• _Exercise_: Omit the pictures, then reproduce exactly the line bearing "在品牌銷量收入排行榜top5" and every line after it up to and including the last line of the entries below.
+ + +
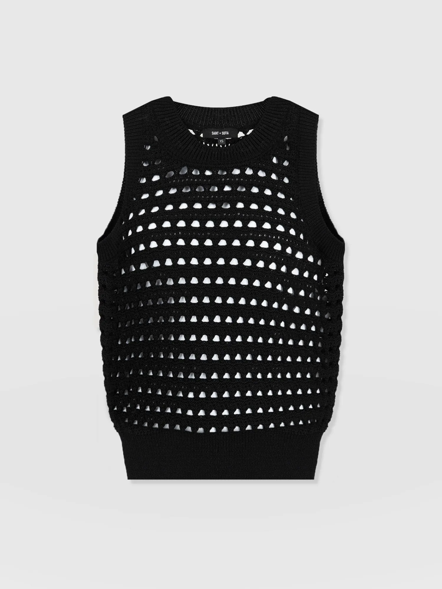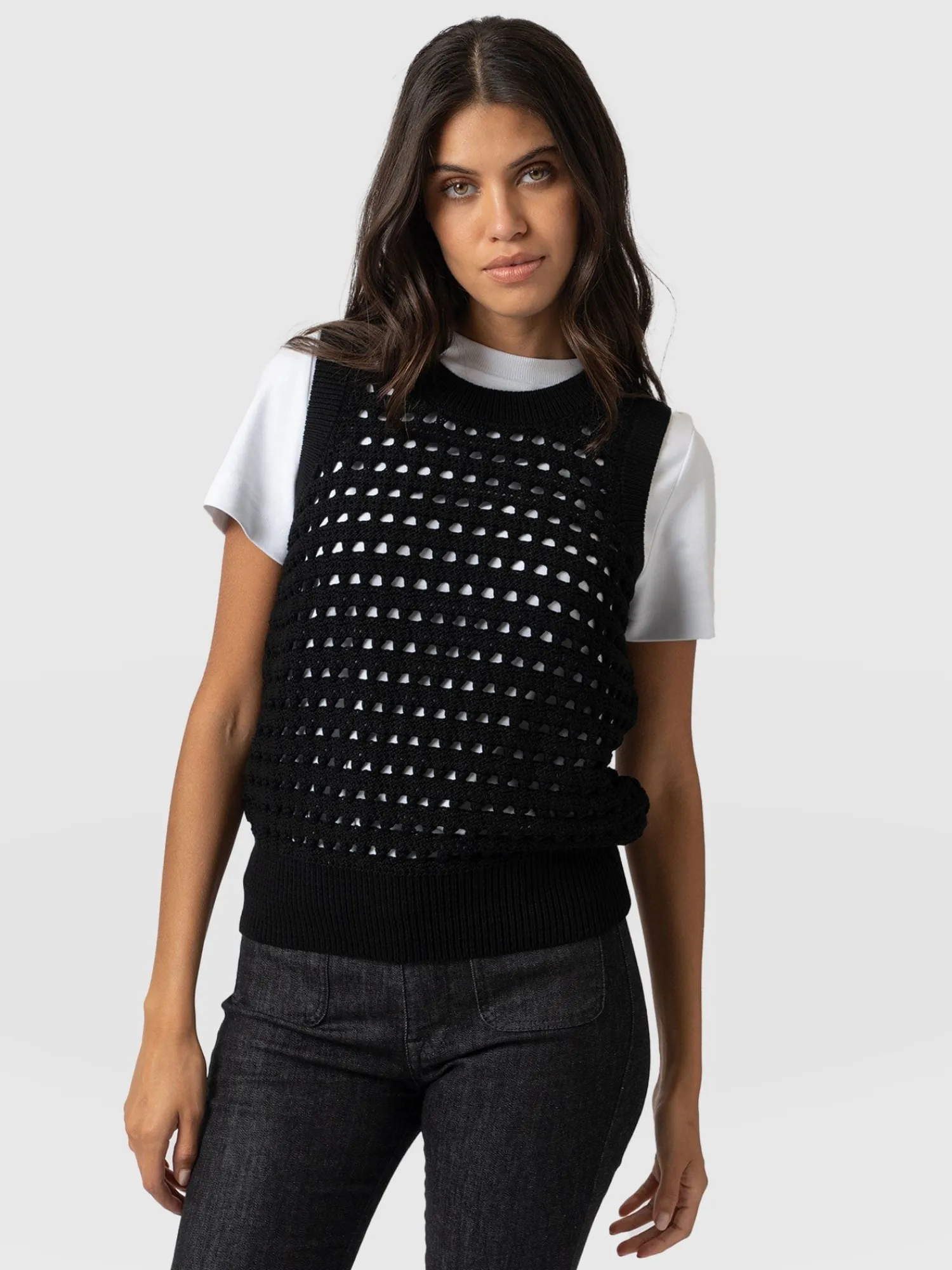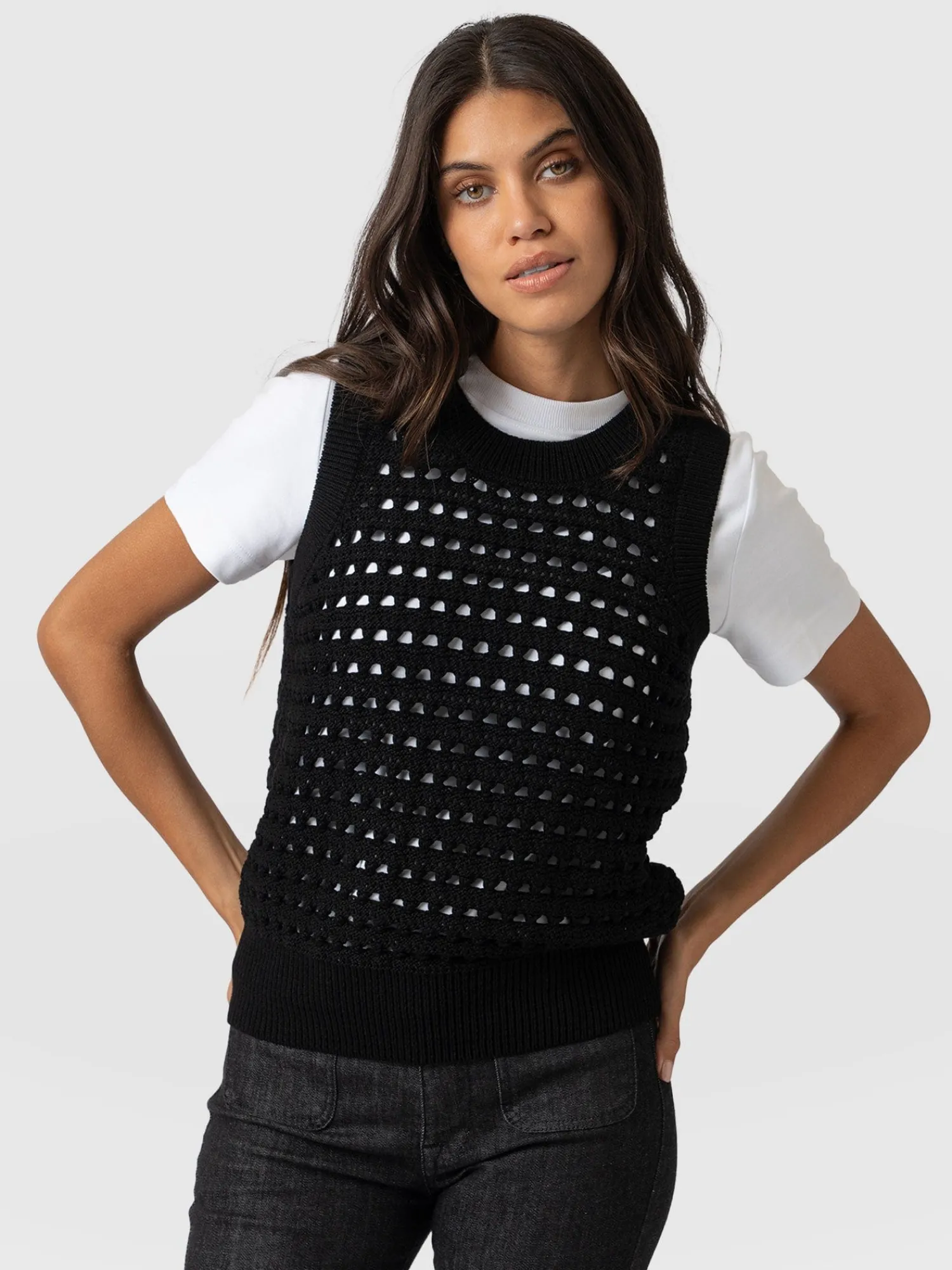 Built for layering, the Adler Sleeveless Knit in black is perfect for those transitional months. It’s woven to an open-k…
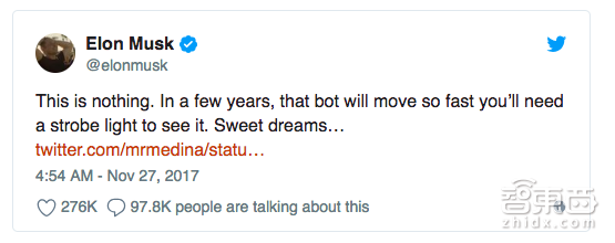 在视频上传之后,美国知名企业家——马斯克,表达了对Atlas奔跑的“担心”。他在推特上发文称:“这没什么。几年后,这个机器人会因为移动得太快,只能在闪光灯下能看到它了。美梦…”
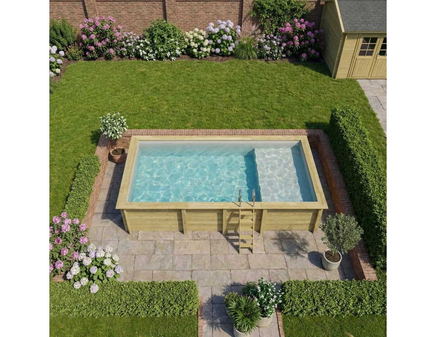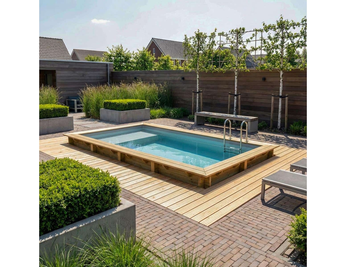 Découvrez une piscine qui associe la beauté naturelle du bois, la stabilité de la structure et une solution unique de zone de détente peu profonde.
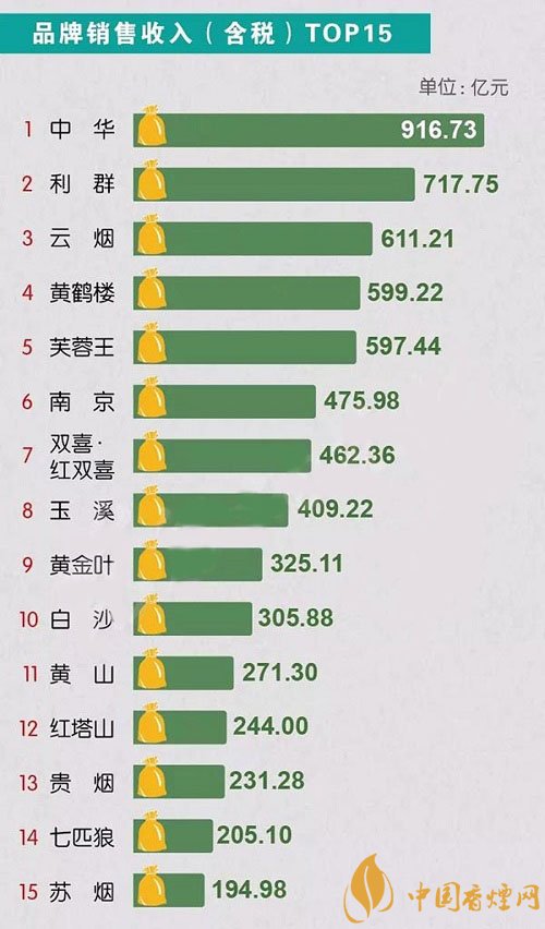 在品牌銷量收入排行榜top5中,中華香煙以900多億的收入當(dāng)之無(wú)愧位居榜首,與第二名利群拉開200億的差距,云煙、黃鶴樓、芙蓉王、南京、雙喜紅雙喜、玉溪、黃金葉、白沙、黃山、紅塔山、貴煙、七匹狼、蘇煙分別位居3-15位,第一名中華的收入也是15名蘇煙收入的5倍。
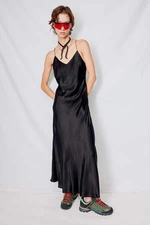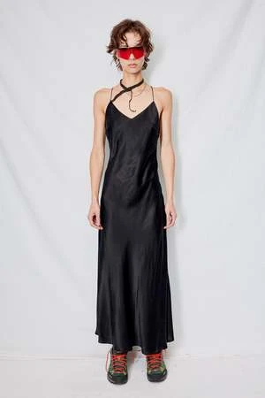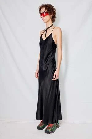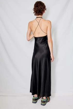 Black Cupro Bias Strap Dress from Assembly New York. Low back with criss-cross straps. Side zip closure.
+ + +
• _Result of the task_:
 在品牌銷量收入排行榜top5中,中華香煙以900多億的收入當(dāng)之無(wú)愧位居榜首,與第二名利群拉開200億的差距,云煙、黃鶴樓、芙蓉王、南京、雙喜紅雙喜、玉溪、黃金葉、白沙、黃山、紅塔山、貴煙、七匹狼、蘇煙分別位居3-15位,第一名中華的收入也是15名蘇煙收入的5倍。
 Black Cupro Bias Strap Dress from Assembly New York. Low back with criss-cross straps. Side zip closure.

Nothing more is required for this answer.